Armenia propone una evaluación comparativa de las compras de armamento con Azerbaiyán para esclarecer cuál de las dos naciones está priorizando la militarización. Mientras tanto, Ereván pide la firma de un Tratado de Paz antes de la COP-29 en Bakú.
El gobierno de Armenia propuso llevar a cabo una evaluación comparativa de los gastos militares y las compras de armamento de su país y Azerbaiyán, con el fin de esclarecer cuál de las dos naciones está priorizando la militarización masiva.
Esta iniciativa surge en respuesta a las acusaciones del Ministerio de Asuntos Exteriores de Azerbaiyán, que había señalado a Ereván por supuestos esfuerzos de militarización.
Ani Badalyan, secretaria de prensa del Ministerio de Asuntos Exteriores de Armenia, declaró que un análisis de los gastos militares de ambos países en términos absolutos y en proporciones, así como por los tipos de armamento adquirido, “dejaría claro quién está promoviendo una militarización masiva”.
Durante una entrevista con la agencia Armenpress, Badalyan subrayó que Armenia no busca un concepto de seguridad basado exclusivamente en el ejército, sino en la normalización de relaciones con sus vecinos y en el establecimiento de la paz regional.
Armenia propuso en repetidas ocasiones establecer mecanismos de control mutuo de armamentos entre ambas naciones, pero Azerbaiyán no respondió favorablemente a estas ofertas, afirmó Badalyan.

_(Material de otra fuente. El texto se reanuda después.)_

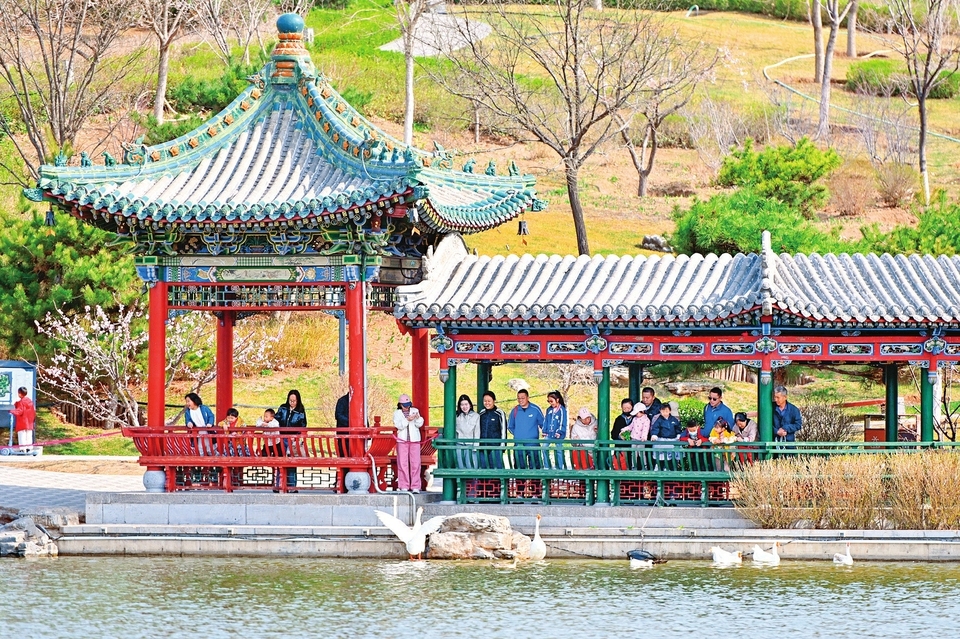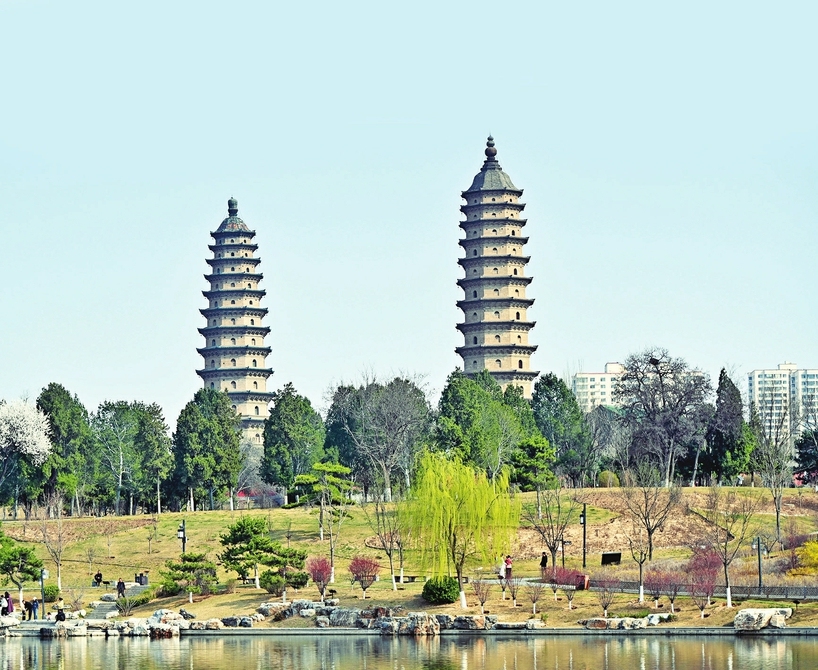 4月13日,太原市雙塔公園內(nèi)春意盎然,凌霄雙塔矗立其間,市民漫步園區(qū),在春日景致中盡享休閑時光。(記者范文靜)

Además, aseguró que la retórica agresiva de Bakú y su énfasis en el fortalecimiento militar hacen que Armenia, por su parte, deba centrarse en la defensa contra posibles agresiones.
“Armenia no tiene una agenda ofensiva, sino de protección ante una potencial agresión”, destacó la representante diplomática.

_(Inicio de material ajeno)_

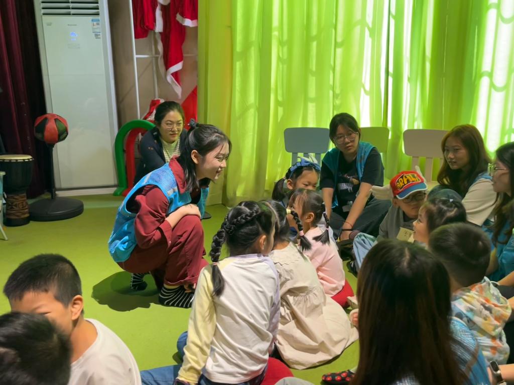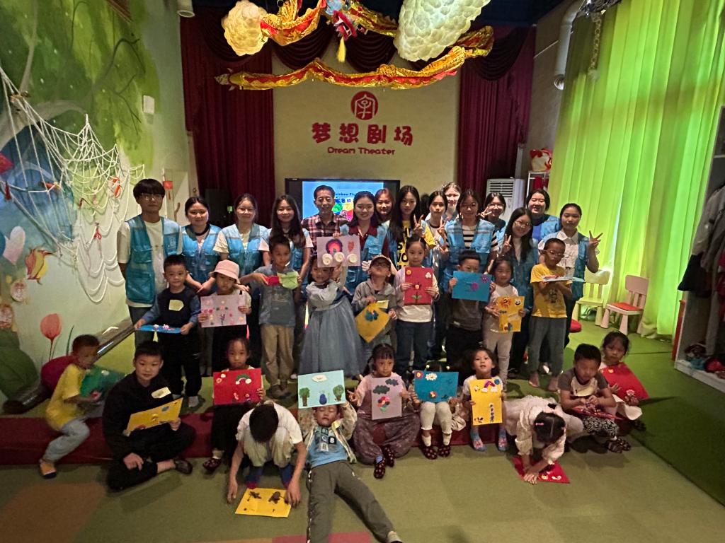 活动中,学生志愿者们化身知识的引路人,带领活泼可爱的孩子们遨游于绘本故事中,通过生动的讲述、趣味横生的互动游戏以及动听的英语童谣,为孩子们营造了一个轻松愉悦的学习氛围。别梓玉激情四溢的讲述与井然有序的课堂组织,使得整场活动寓教于乐、高潮不断。除了感受彩虹色的花的温柔与善良,孩子们的观察力、思考力与动手能力也得到了锻炼和激发。

Mientras tanto, Azerbaiyán sigue utilizando un lenguaje cada vez más amenazante hacia Armenia, afirmó Badalyan, quien reiteró que Armenia busca soluciones diplomáticas y pacíficas para las tensiones actuales.

La diplomática también abordó las acusaciones de Azerbaiyán de que Armenia estaría impulsando una campaña para desalentar la participación de líderes mundiales en la próxima cumbre de la COP-29, que se celebrará en Bakú en noviembre. En respuesta, Badalyan instó al gobierno azerbaiyano a responder preguntas que surgieron en comentarios previos del 4 de octubre. Estas preguntas incluyen si Azerbaiyán está planeando una agresión contra Armenia, si rechaza reconocer la integridad territorial del país, y si está abandonando la agenda de paz.
Además, Badalyan advirtió que la retórica belicista de Bakú y su negativa a firmar un Tratado de Paz con los artículos ya acordados han llevado a muchos armenios y analistas internacionales a creer que Azerbaiyán podría estar usando la COP-29 para enmascarar sus intenciones de agravar la situación en la región.
“Para evitar este escenario, es necesario firmar el contenido acordado del Tratado de Paz antes de la cumbre”, afirmó Badalyan.
Armenia, según dijo, está dispuesta a seguir la lógica de la firma de este acuerdo antes de la COP-29, y expresó su deseo de que esta cumbre sea utilizada como una herramienta de confianza y no con fines contrarios.